International literary: erased memories and ambiguity in contemporary Ethiopia  
Isabel Boavida (Addis Ababa University)

Paper short abstract:

The paper discusses preliminary findings of on-going research on modernity and revolution in Ethiopia. It focuses on the poet of the ethio military socialist regime Assefa GMT, and his book The Voice, dedicated to Agostinho Neto, inquiring its rhetoric and context of production, and present erasure.

Paper long abstract:

This paper presents and discusses the preliminary findings of an on-going research on modernity and revolution in Ethiopia, focusing the cultural environment with special regard (in this case) to the literary production in the last fifty years, against the broader picture of postcolonialism, internationalism and pan-africanism.

The episode brought into attention concerns the awarded and once most praised poet of the Ethiopian Socialist Military regime, Assefa Gebremariam Tesemma, who dedicated his book The Voice (1979) to the Angolan poet President Agostinho Neto whom he met in Luanda at the Afro-Asian Writers Association Conference.

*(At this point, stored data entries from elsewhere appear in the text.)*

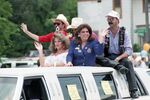 Members of The Court Systems of Texas are seen in a limousine, waving to parade attendees during the Gay Pride Week parade held in Fort Worth. There are two papers affixed to the windows of the car that read "Fort Worth/Arlington Court" and "Dallas Court."
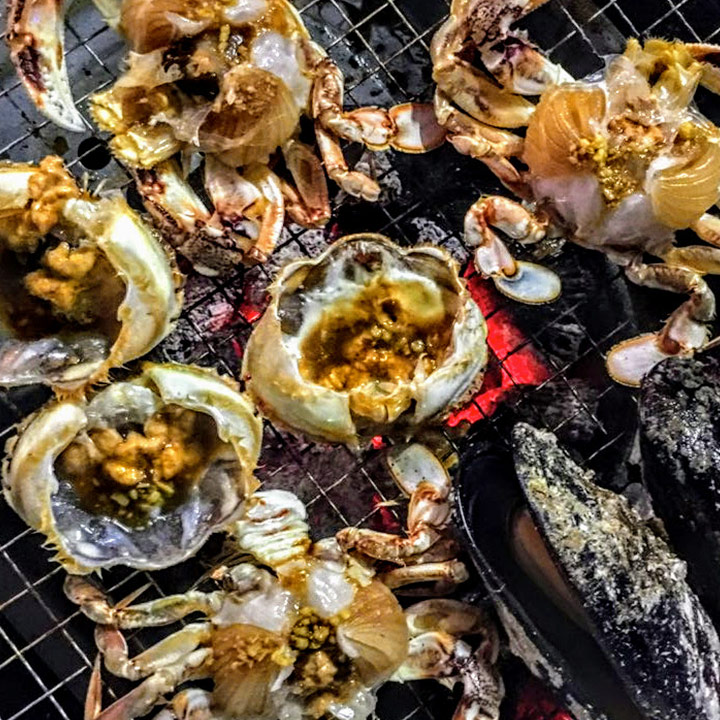 이제 반대쪽 딱지를 해치울 차례. 노란 내장이 붙은 딱지는 숯불에 올릴 때 고추냉이를 약간 섞은 초간장을 더해준다. 열을 받으면 보글보글 끓어오르는데, 이때 불 위에서 꺼내 밥을 올려 슬슬 비벼 먹는다. 쌉싸래한 내장의 맛과 고추냉이 간장과 뒤섞인 바다의 짭짤한 맛이 먹을수록 입맛을 돋운다.
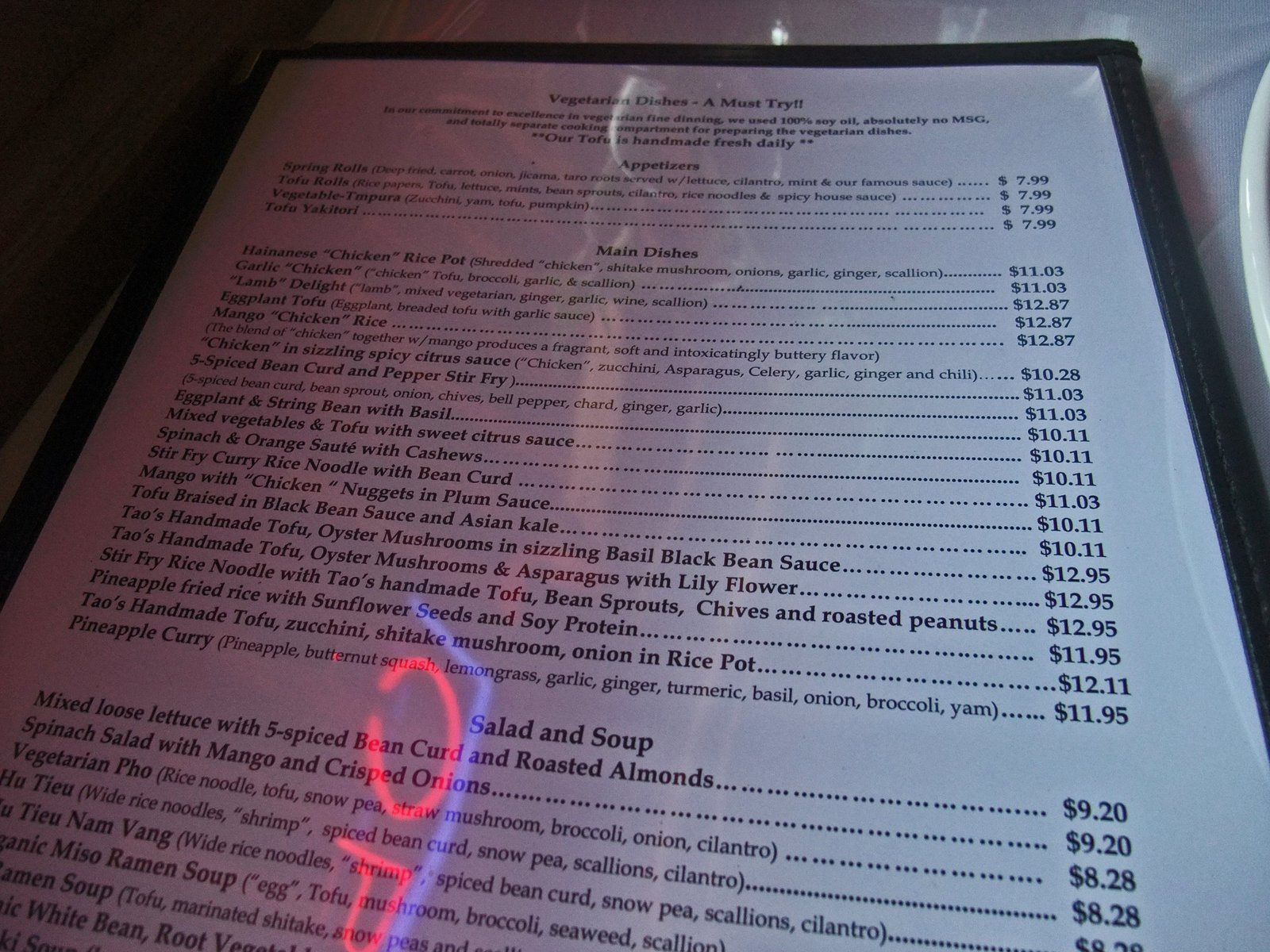 4. Thanks for the review. After we read your review, my family and I went to eat at Tao on Adams Ave. It was unbelievable!! I went there with my mother, sister and my 2 kids. We absolutely love the food!!! I love the handmade tofu it was out of this world. It was full of flavors. Perfect for my mom who is a picky vegetarian. My kids ordered the odon soups and it tastes better than the expensive 5 stars hotel (Grand Hyatt)odon which costs more than $18 per bowl. The service is very good. Our glasses are always full of water.
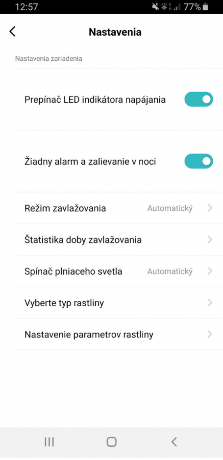 Diaľkové nastavenie parametrov rastu v mobilnej aplikácii
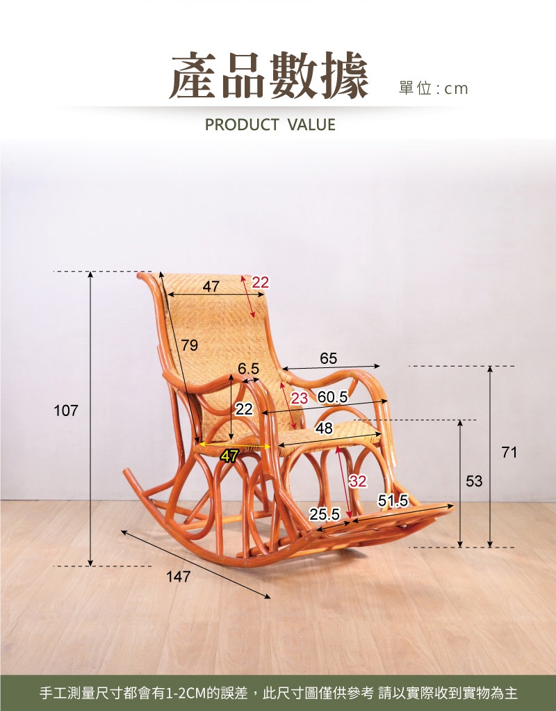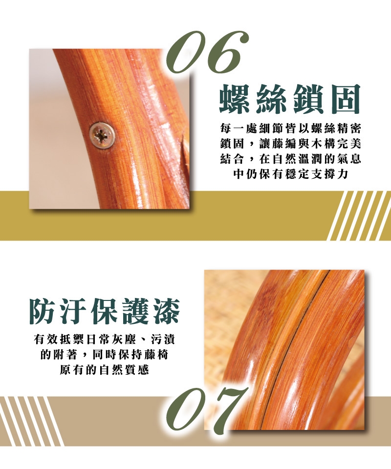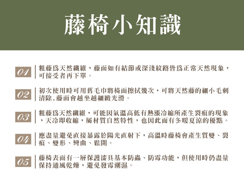 5. 藤椅表面有一層保護漆具基本防蟲、防霉功能,但使用時仍盡量保持通風乾燥,避免發霉潮濕。
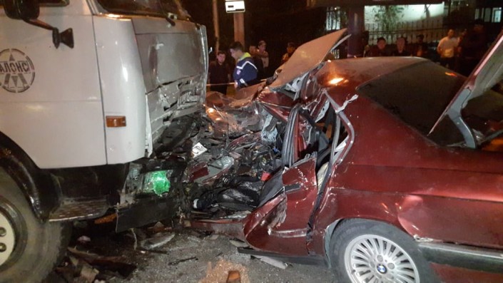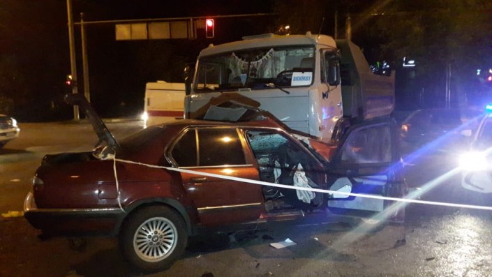 ДТП произошло на пересечении проспекта Сейфуллина и улицы Жибек Жолы. По словам очевидцев, грузовик двигался по Сейфуллина в южном направлении и на перекрестке водитель решил повернуть налево. В этот момент в него на большой скорости врезался ехавший на север BMW.
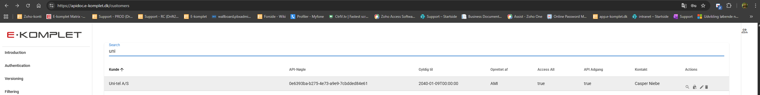 Hvis kunden ønsker en at Uni-tel får en API-adgang, så modtager vi direkte henvendelser fra kunderne.

Assefa passed away last year in exile. National press ignored it while praising the emergence of the newly appointed Prime-Minister, and while, in the streets, images printed on stickers of Colonel Mengistu Hailemariam were sold side by side with the new and past Ethiopian 'heroes'. The multiplicated cummulative reproduction if images is not yet followed by the public debate about an almost silenced period of Ethiopian contemporary history, nor by new reading and study of literary and art works bringing into the light the recent and traumatic past that post-1991 regime attempted to erase.

Besides a brief analysis of the poetic rhetorics and topics of The Voice, the paper will question the ambiguities between the rehabilitation of Mengistu's image as new icon for consumption, and the erasure of the poet's pamphletary words. Is one word finally more powerful than ten thousand reproduced images?